ACTIVITY:
In the entries below, find the line with "- Total WNO" and the line with "The contrasting colours". Reproduce those two lines and every line between them exactly, and nothing more.

- - -

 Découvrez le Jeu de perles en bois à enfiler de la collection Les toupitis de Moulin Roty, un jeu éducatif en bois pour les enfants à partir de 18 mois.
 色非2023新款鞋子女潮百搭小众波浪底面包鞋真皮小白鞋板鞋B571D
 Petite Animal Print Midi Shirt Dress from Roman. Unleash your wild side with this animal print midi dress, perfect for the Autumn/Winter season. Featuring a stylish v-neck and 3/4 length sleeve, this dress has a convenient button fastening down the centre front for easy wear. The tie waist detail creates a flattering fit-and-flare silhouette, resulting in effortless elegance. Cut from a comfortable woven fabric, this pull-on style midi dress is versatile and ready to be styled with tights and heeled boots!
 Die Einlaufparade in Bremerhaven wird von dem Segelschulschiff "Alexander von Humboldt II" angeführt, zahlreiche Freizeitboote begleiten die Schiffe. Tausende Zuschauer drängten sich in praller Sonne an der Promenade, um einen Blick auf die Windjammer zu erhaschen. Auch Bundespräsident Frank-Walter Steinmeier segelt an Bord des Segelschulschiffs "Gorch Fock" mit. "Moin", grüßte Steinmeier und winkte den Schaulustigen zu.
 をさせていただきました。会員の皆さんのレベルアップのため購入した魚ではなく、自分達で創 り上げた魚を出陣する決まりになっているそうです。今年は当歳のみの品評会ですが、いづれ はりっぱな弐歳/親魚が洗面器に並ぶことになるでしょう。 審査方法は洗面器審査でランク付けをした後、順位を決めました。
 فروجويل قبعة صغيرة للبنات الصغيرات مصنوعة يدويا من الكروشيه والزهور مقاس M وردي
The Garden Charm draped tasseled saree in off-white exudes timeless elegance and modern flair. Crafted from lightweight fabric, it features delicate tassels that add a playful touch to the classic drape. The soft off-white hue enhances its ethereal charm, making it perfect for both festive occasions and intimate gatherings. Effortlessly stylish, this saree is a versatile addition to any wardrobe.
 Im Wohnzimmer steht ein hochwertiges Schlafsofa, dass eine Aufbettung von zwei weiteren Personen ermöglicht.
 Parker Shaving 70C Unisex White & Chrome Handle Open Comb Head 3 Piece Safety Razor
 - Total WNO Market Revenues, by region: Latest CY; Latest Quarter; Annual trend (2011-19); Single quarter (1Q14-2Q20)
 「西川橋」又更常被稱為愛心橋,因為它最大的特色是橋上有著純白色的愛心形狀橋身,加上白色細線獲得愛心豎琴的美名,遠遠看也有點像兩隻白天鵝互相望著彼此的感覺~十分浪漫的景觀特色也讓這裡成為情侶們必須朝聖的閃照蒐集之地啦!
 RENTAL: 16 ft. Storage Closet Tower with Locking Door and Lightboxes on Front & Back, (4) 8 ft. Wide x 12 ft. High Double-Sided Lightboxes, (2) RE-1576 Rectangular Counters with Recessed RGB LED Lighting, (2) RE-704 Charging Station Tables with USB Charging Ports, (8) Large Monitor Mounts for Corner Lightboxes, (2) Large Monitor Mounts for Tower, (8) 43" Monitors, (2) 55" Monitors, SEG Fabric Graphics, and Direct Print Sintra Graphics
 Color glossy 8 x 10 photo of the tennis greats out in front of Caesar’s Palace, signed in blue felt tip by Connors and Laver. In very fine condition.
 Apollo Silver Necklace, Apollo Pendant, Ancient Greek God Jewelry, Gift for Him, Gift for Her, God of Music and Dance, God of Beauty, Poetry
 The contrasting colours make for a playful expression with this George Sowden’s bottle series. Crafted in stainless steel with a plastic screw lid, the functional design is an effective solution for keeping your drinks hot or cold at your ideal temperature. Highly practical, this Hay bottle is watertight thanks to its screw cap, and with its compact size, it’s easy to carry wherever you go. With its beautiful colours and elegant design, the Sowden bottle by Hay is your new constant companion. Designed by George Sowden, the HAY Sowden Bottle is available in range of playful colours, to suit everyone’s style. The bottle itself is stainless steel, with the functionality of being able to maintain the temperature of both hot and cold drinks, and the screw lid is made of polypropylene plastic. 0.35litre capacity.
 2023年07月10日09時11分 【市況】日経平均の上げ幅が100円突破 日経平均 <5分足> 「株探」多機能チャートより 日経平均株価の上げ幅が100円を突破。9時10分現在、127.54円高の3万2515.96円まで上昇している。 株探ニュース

- - -

EXERCISE OUTPUT:
 - Total WNO Market Revenues, by region: Latest CY; Latest Quarter; Annual trend (2011-19); Single quarter (1Q14-2Q20)
 「西川橋」又更常被稱為愛心橋,因為它最大的特色是橋上有著純白色的愛心形狀橋身,加上白色細線獲得愛心豎琴的美名,遠遠看也有點像兩隻白天鵝互相望著彼此的感覺~十分浪漫的景觀特色也讓這裡成為情侶們必須朝聖的閃照蒐集之地啦!
 RENTAL: 16 ft. Storage Closet Tower with Locking Door and Lightboxes on Front & Back, (4) 8 ft. Wide x 12 ft. High Double-Sided Lightboxes, (2) RE-1576 Rectangular Counters with Recessed RGB LED Lighting, (2) RE-704 Charging Station Tables with USB Charging Ports, (8) Large Monitor Mounts for Corner Lightboxes, (2) Large Monitor Mounts for Tower, (8) 43" Monitors, (2) 55" Monitors, SEG Fabric Graphics, and Direct Print Sintra Graphics
 Color glossy 8 x 10 photo of the tennis greats out in front of Caesar’s Palace, signed in blue felt tip by Connors and Laver. In very fine condition.
 Apollo Silver Necklace, Apollo Pendant, Ancient Greek God Jewelry, Gift for Him, Gift for Her, God of Music and Dance, God of Beauty, Poetry
 The contrasting colours make for a playful expression with this George Sowden’s bottle series. Crafted in stainless steel with a plastic screw lid, the functional design is an effective solution for keeping your drinks hot or cold at your ideal temperature. Highly practical, this Hay bottle is watertight thanks to its screw cap, and with its compact size, it’s easy to carry wherever you go. With its beautiful colours and elegant design, the Sowden bottle by Hay is your new constant companion. Designed by George Sowden, the HAY Sowden Bottle is available in range of playful colours, to suit everyone’s style. The bottle itself is stainless steel, with the functionality of being able to maintain the temperature of both hot and cold drinks, and the screw lid is made of polypropylene plastic. 0.35litre capacity.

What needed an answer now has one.